Noutras eras, Marcus Garvey sonhou com navios que levariam conhecimento, não escravos. O barco, entretanto, nunca atracou no porto — aquele lugar onde os homens leriam Fanon sob as árvores e entenderiam que “each generation must discover its mission”. Nunca se alcança o destino. Enfim… tal como esta promessa de iluminação jamais cumprida: a escola sem muros.

Nos bastidores, Paulo Freire alfabetizava camponeses enquanto os generais queimavam livros.
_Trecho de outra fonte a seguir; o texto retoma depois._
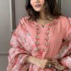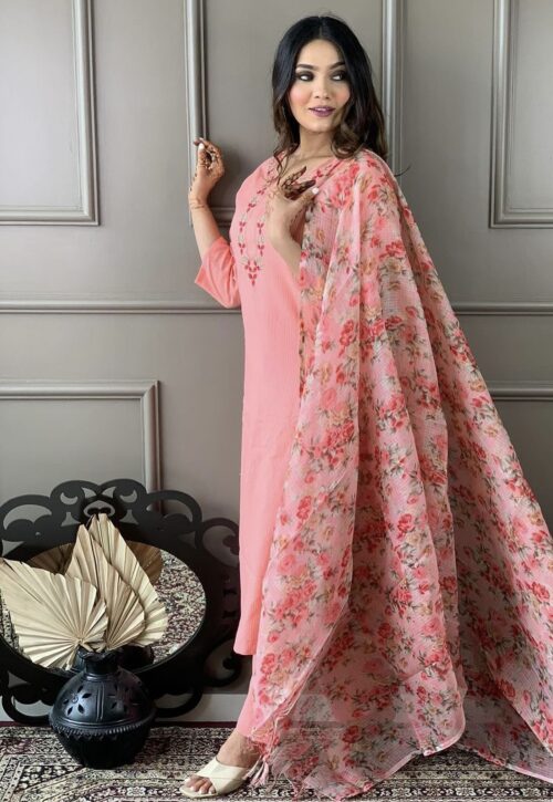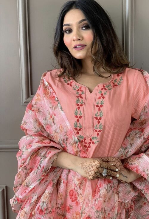 cotton handwoven kurta with embroidery work paired with flower kota doriya dupatta and kantha pants

Ngũgĩ wa Thiong’o escrevia “Decolonising the Mind” no exílio, e Aimé Césaire perguntava: “What is your million of mosquitoes?”

Na nossa sala de aula, por estes dias, o quadro negro ainda exibe as cicatrizes da ignorância: Crianças que decoram fórmulas, mas não aprendem a perguntar; Homens que citam Marx, mas não veem o operário ao lado;

  • Mulheres que leem Woolf, mas ainda travam “A Room of One’s Own” contra maridos surdos.

O disco continua girando. A agulha salta no mesmo sulco: “How long shall they kill our prophets while we stand aside and look?”

Mas há quem insista em afinar o violão. Redemption Song não é um hino — é um convite. Um bilhete de comboio para quem ousa trocar “war and starvation” por “love and harmony”.

O disco para. O silêncio é a pergunta que fica:
— “Will you help to sing these songs of freedom?”